What the exercise asks:
Although the records contain pictures, none belong in the copy: restate word for word only the lines from the one with "Thông số kỹ" through the one with "En tercer lugar, tienes", both included.

Input for this task:
+ + + + +
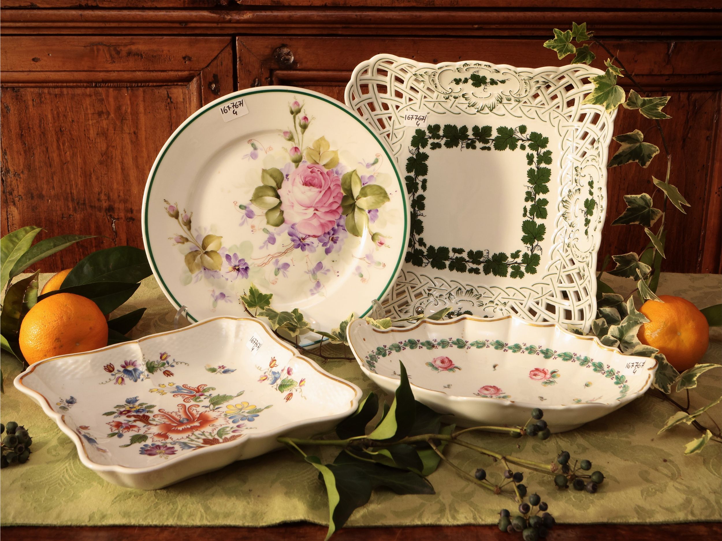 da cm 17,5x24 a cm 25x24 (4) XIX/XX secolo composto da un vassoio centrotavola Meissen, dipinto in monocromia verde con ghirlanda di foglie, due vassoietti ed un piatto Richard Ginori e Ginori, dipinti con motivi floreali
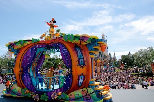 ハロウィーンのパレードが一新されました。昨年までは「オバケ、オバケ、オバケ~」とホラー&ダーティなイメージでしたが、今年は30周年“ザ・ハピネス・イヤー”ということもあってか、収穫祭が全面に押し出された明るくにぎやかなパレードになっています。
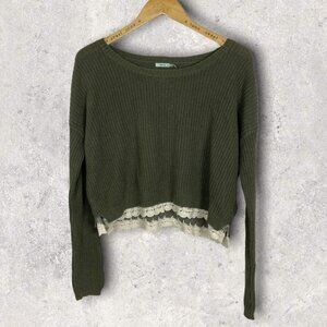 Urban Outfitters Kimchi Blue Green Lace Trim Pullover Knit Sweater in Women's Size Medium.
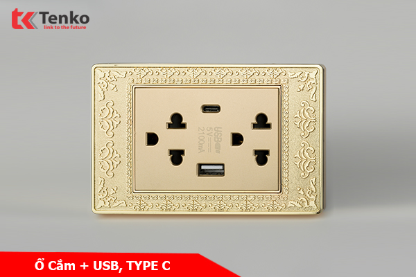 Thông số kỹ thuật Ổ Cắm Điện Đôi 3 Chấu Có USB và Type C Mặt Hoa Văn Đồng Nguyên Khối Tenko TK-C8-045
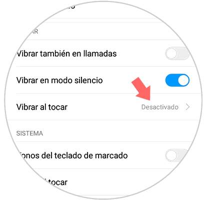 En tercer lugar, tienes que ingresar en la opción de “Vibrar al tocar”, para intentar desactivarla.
+ + + + +
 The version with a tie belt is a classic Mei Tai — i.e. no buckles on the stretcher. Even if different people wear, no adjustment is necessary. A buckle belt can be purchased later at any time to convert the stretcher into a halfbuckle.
+ + + + +
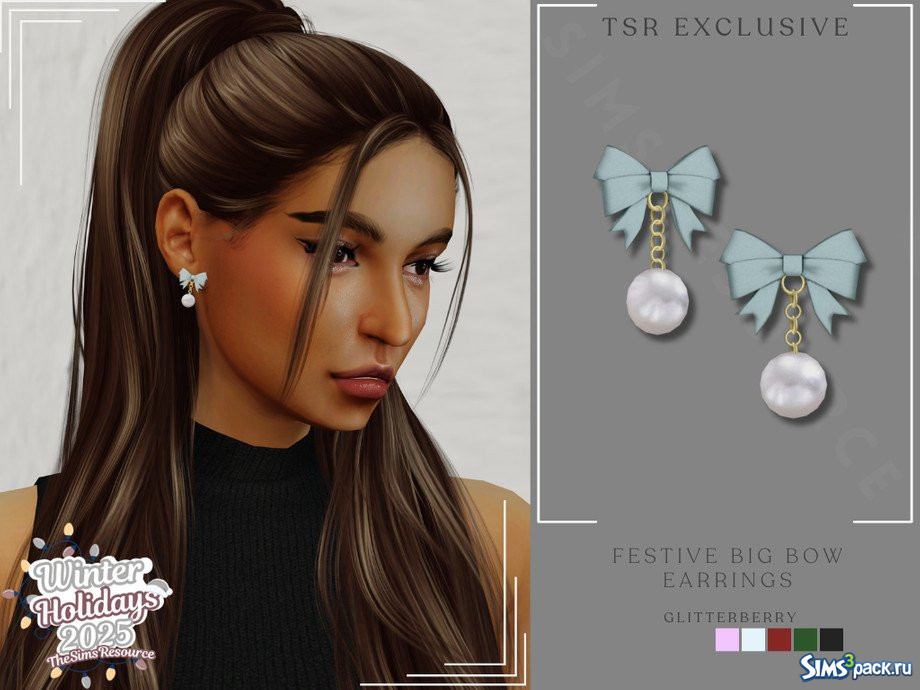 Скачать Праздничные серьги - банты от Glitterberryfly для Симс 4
+ + + + +
Response below:
 Thông số kỹ thuật Ổ Cắm Điện Đôi 3 Chấu Có USB và Type C Mặt Hoa Văn Đồng Nguyên Khối Tenko TK-C8-045
 En tercer lugar, tienes que ingresar en la opción de “Vibrar al tocar”, para intentar desactivarla.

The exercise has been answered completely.